Unlike the `ToolCallingAgent`, which produces JSON tool calls,
the **CodeAgent writes Python code** as its action.
This code may:

* Call custom tools
* Perform arbitrary computations
* Use Python’s built-in capabilities

All code is executed in a **sandboxed environment**, and anything printed (`print(...)`) is treated as an **observation** and fed back into the ReAct loop.

#### Example: ToolCallingAgent vs CodeAgent Actions

In [None]:
# Example ToolCallingAgent action
tool_calling_agent_actions = {
  "tool_call": {
    "name": "turn_on_lights",
    "arguments": {
      "room": "kitchen"
    }
  }
}

# Example CodeAgent action
result = turn_on_lights("kitchen")
print(result)
final_answer(result)

Because the CodeAgent can write code, it can compute operations (like multiplication)
even without a calculator tool.

#### CodeAgent Example

In [None]:
from smolagents import CodeAgent, InferenceClientModel, DuckDuckGoSearchTool

model = InferenceClientModel(model_id="Qwen/Qwen2.5-Coder-32B-Instruct")

agent = CodeAgent(
    tools=[turn_on_lights, DuckDuckGoSearchTool()],
    model=model,
    additional_authorized_imports=[]
)

agent.run("Turn on the lights in the kitchen.")
agent.run("What is 34x76?")
agent.run("What is the current date and time?")
agent.run("Search for the latest news about space exploration.")

With this setup, the agent becomes extremely powerful,
but also potentially too large in scope if many tools are added.

This motivates the use of **multi-agent systems**.

### 7.5 Multi-Agent Systems in Smolagents

A multi-agent system consists of **multiple AI agents**,
each with:

* A dedicated role
* A specific set of tools
* A specialized responsibility

This design increases:

* **Modularity**
* **Scalability**
* **Robustness**

Instead of giving one massive agent too many capabilities,
tasks are distributed across specialized sub-agents.

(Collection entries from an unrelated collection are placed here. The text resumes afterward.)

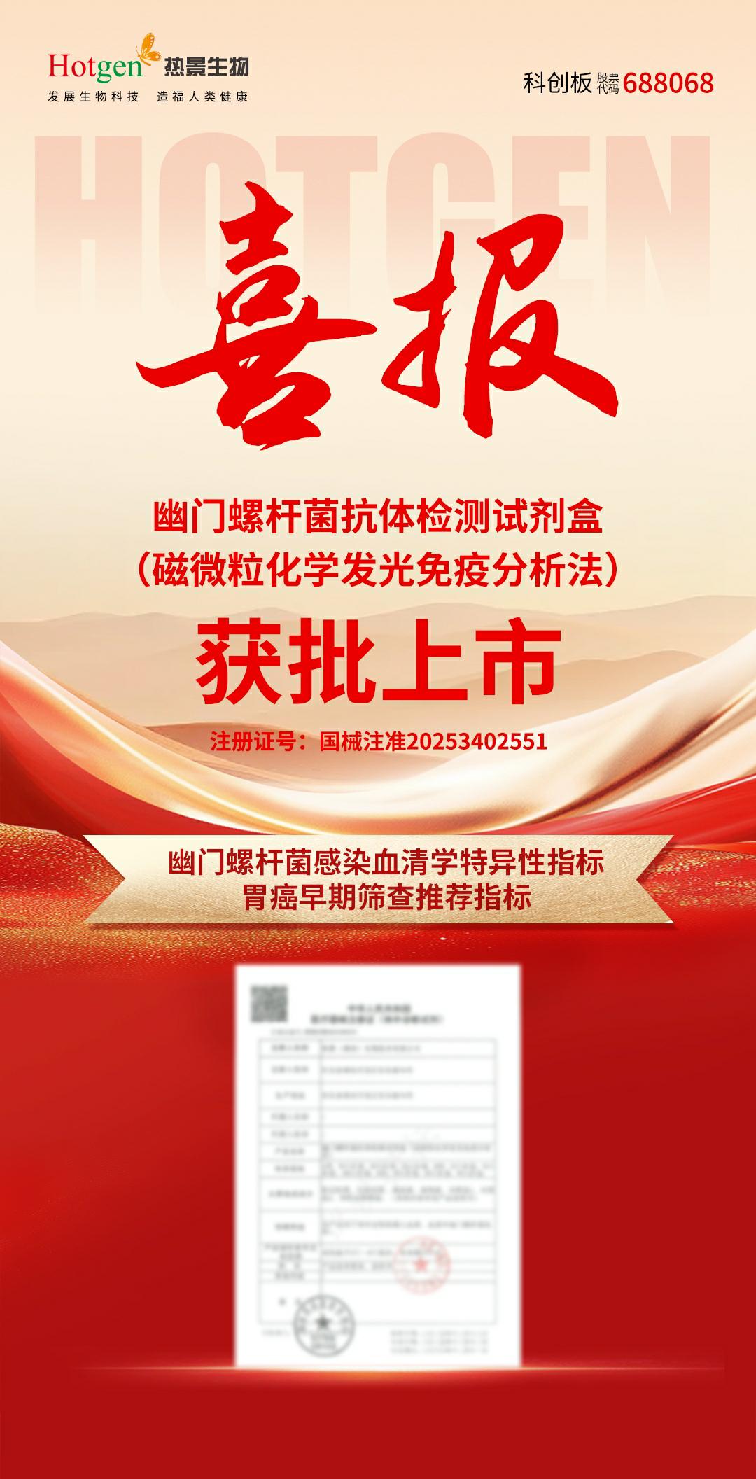 近期,北京熱景生物憑借深厚的研發(fā)積淀與技術(shù)創(chuàng)新實力,成功斬獲一項新的醫(yī)療器械注冊證——幽門螺桿菌抗體檢測試劑盒(磁微?;瘜W(xué)發(fā)光免疫分析法)正式通過國家藥品監(jiān)督管理局批準!這是繼胃蛋白酶原Ⅰ(PGⅠ)、胃蛋白酶原Ⅱ(PG Ⅱ)和胃泌素17(G17)后的第四個胃功能檢測項目,豐富了熱景生物在胃病管理領(lǐng)域的產(chǎn)品矩陣,為臨床診療提供更精準的解決方案,為胃癌早期篩查提供更全的有效依據(jù)。
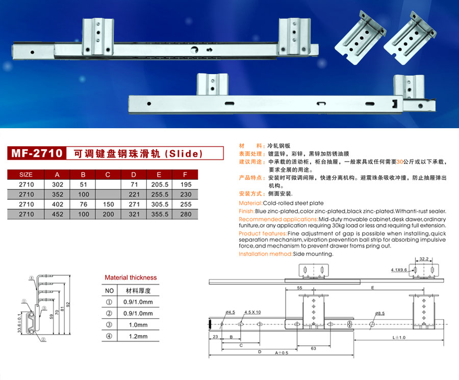 MF-2710可調(diào)鍵盤(pán)鋼珠滑軌
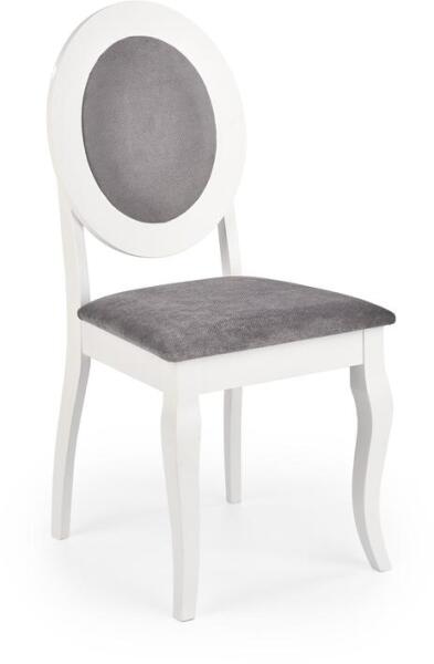 BAROCK étkezőszék Elegáns megjelenésű étkezőszék. A szék vázát fehérre festett tömör fa alkotja, ülőfelülete és háttámlája szürke színű szövet borítású. Méretek: Szélesség: 45 cm Mélység: 51 cm Magasság: 93 cm Ülőfelület magassága: 46 cm Terhelhetőség: 100 kg A terméket lapraszerelten szállítjuk! Csak a képen látható színben rendelhető! - Mindigbútor
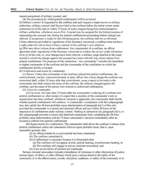 whether pretrial confinement will continue. A commander's compliance with this subparagraph
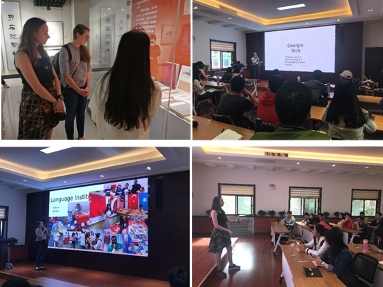 5月8日下午2点,两位来访外籍学生代表参观了交大博物馆,在英文讲解员的介绍下接触了解交大百廿年的悠久发展历程、深厚的文化积淀。随后,外籍学生代表来到数学楼2-1会议室,进行佐治亚理工学院本科国际交流项目宣讲。Grace Harper从校园生活方面为同学们展示了佐治亚理工学院的食宿生活,校园文化,鼓励同学们在佐治亚理工学院学习交流期间除了完成课程学习,还要多与同学与导师交往,积极主动参与科研训练,同时也能更好地体验美国文化生活。佐治亚理工学院数学专业大三学生Courtenay Morse则重点介绍了佐治亚理工学院数学专业本科生的主要课程,重点展示了图论、数论基础、拓扑学等课程教学的涵盖内容,同时分享了佐治亚理工学院独特的独立阅读课及交流项目中对英语课的要求。

### 7.6 Multi-Agent Architecture

A common pattern is:

* An **orchestrator agent** 
* Several **specialized sub-agents**, such as:

  * Web search agent
  * Code execution agent
  * Memory agent
  * User-interaction agent

The orchestrator delegates tasks to the appropriate agents.

#### Example

In [None]:
from smolagents import CodeAgent, InferenceClientModel, WebSearchTool, UserInputTool

model = InferenceClientModel(model_id="Qwen/Qwen2.5-Coder-32B-Instruct")

web_agent = CodeAgent(
   tools=[WebSearchTool()],
   model=model,
   name="web_search_agent",
   description="Runs web searches for you. Provide a query."
)

user_agent = CodeAgent(
   tools=[UserInputTool()],
   model=model,
   name="user_agent",
   description="Interacts with the user to understand their requests."
)

memory_agent = CodeAgent(
   tools=[],
   model=model,
   name="memory_agent",
   description="Stores and retrieves information as needed."
)

code_agent = CodeAgent(
   tools=[],
   model=model,
   name="code_agent",
   description="Executes Python code to perform computational tasks."
)

manager_agent = CodeAgent(
   tools=[],
   model=model,
   managed_agents=[web_agent, user_agent, memory_agent, code_agent]
)

manager_agent.run("Who is the CEO of Hugging Face?")
manager_agent.run("What is the capital of France?")
manager_agent.run("Remember that my favorite color is blue.")

### 7.7 Problems

1. **AI-Agents do not truly plan:** They only output a “thought” message before generating an action or code, but this does not necessarily mean they are actually planning or reasoning.

2. **AI agents attempt tasks they cannot perform:** They try to execute actions they are not capable of handling.

3. **Lack of fallback policies:** When executing tool calls, if the model generates an incorrect json, errors occur because no fallback or recovery mechanisms exist.

4. **Potential infinite loops:** As seen in some code executions or tool-calling sequences, ReAct-style loops of “thought, action, observation” can continue indefinitely.

5. **Difficulty handling complex tasks:** How can these systems manage complex tasks? Can they genuinely reason?